Probably the most common question often asked of a statistician is "how large of a sample do I need to take…" To understand the answer to this, it is important to look back a bit. When data is normally distributed, probabilities can be computed if only the mean and standard deviation are known, and life is good. However, what if the population mean is unknown? In that case, the best estimate of a population mean is a sample mean. So take a sample and compute the mean to produce an estimate. How good is that estimate? That is what margins of error are for, based on the level of confidence. But what if the confidence interval is computed and it is just too large (after all, what good is it to estimate that the presidential candidate has 52% of the vote with a margin of error of 20%)? If the confidence interval is too large, a larger sample can be taken to tighten the confidence interval, but how much is enough? It would be nice to know exactly how large a sample is needed to get the confidence interval desired. Thanks to the sample size formula, that is possible.

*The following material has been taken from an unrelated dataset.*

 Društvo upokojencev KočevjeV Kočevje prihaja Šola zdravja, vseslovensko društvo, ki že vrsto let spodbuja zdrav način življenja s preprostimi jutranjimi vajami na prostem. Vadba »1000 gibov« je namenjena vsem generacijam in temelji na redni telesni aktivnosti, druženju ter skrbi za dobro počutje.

To compute the minimum sample size, two questions need to be answered: how much error will be tolerated AND how much confidence is wanted in the truth being within that margin of error. The more confident is wanted, the larger the sample must be. The greater the margin of error, the smaller the needed sample. Normally the answer given by those not in the know is to say they want 0% error and 100% confidence, but that would require sampling the entire population. Anything less than the population involves incurring a degree of error, but the question is "how much is acceptable?" Once a margin of error and confidence level are decided on and the sample size is computed But what if this sample is 2,000 people? In a phone survey, up to 20,000 people may have to be called just to get 2,000 responses, but if the sample size is cut, the confidence is cut and the margin of error increases. It is truly a balance game.

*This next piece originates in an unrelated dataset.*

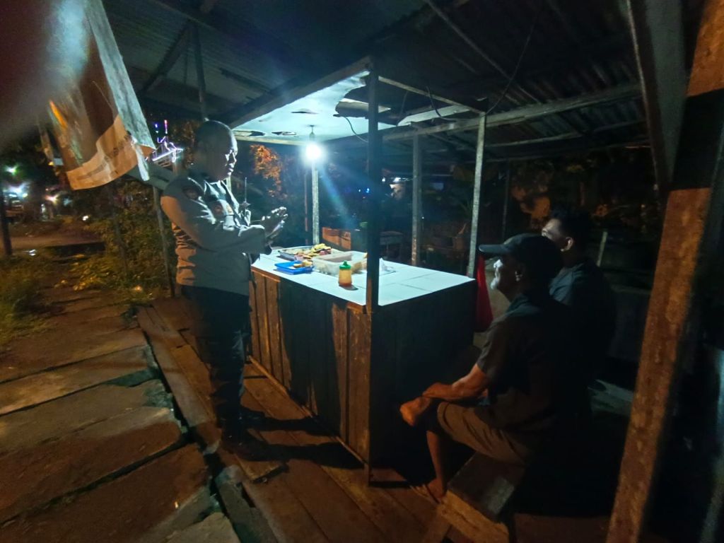 Pontianak, Polda Kalbar – Polresta Pontianak, Pontianak Barat. Personel Enggang Polsek Pontianak Barat menggelar patroli malam untuk memberikan himbauan kamtibmas kepada warga yang sedang beraktivitas. Patroli ini bertujuan untuk mengantisipasi tindak kejahatan seperti curi, curat, curas, dan curanmor (4C). Senin 24/6/2024 malam.
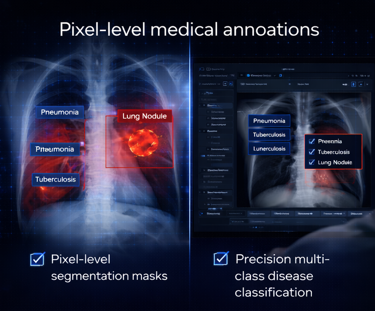 Get access to expert-annotated medical datasets to evaluate quality, accuracy, and clinical relevance before starting your project. Submit the form and our team will share curated lung X-ray samples along with dataset documentation.

Here is another interesting sampling misconception. Would a sample of 400 people from a neighborhood be a good sample? It might, but what about 400 people from a city? What about 400 people from a state or even 400 people from the United States.? Unbelievably, they are equally good. The size of the population has nothing to do with the quality of a sample. A sample of 400 is just as good if it comes from a population of 100,000 or 100,000,000. The only issue is that the sample must be representative (i.e., do not sample 400 from a city and use it to draw conclusions about the U.S.A.). The sample must be randomly chosen too.

To help illustrate, imagine if making chili for a family and the mother-in-law likes it mild while everyone else likes it spicy, so one quart of mild chili and 2 gallons of spicy chili are made. When it is time for a taste test, a spoonful of the mild chili is tasted and declared perfect. How many spoonfuls of the larger pot do need to be tasted? Since it is 8 times larger, does that mean 8 spoonfuls? Of course not; one spoonful of the larger pot reveals just as much as one spoonful of the smaller pot, providing the pots are stirred first. The idea is that the spoonful is representative of the pot and has a representative sample of molecules of chili from the population known as the chili pot. Therefore, the ideal sample size is not a percentage of the population; population size only comes into play when the population is small, in which case the sample size can be smaller.

Conclusion

Surveys are often misinterpreted. Knowledge of confidence intervals and sample sizes (what a margin of error truly means, why the error is preferred to be small, and how larger sample sizes translate to higher levels of confidence with smaller margins of error) represent an insiders knowledge of survey interpretation and will help to minimize those misinterpretations.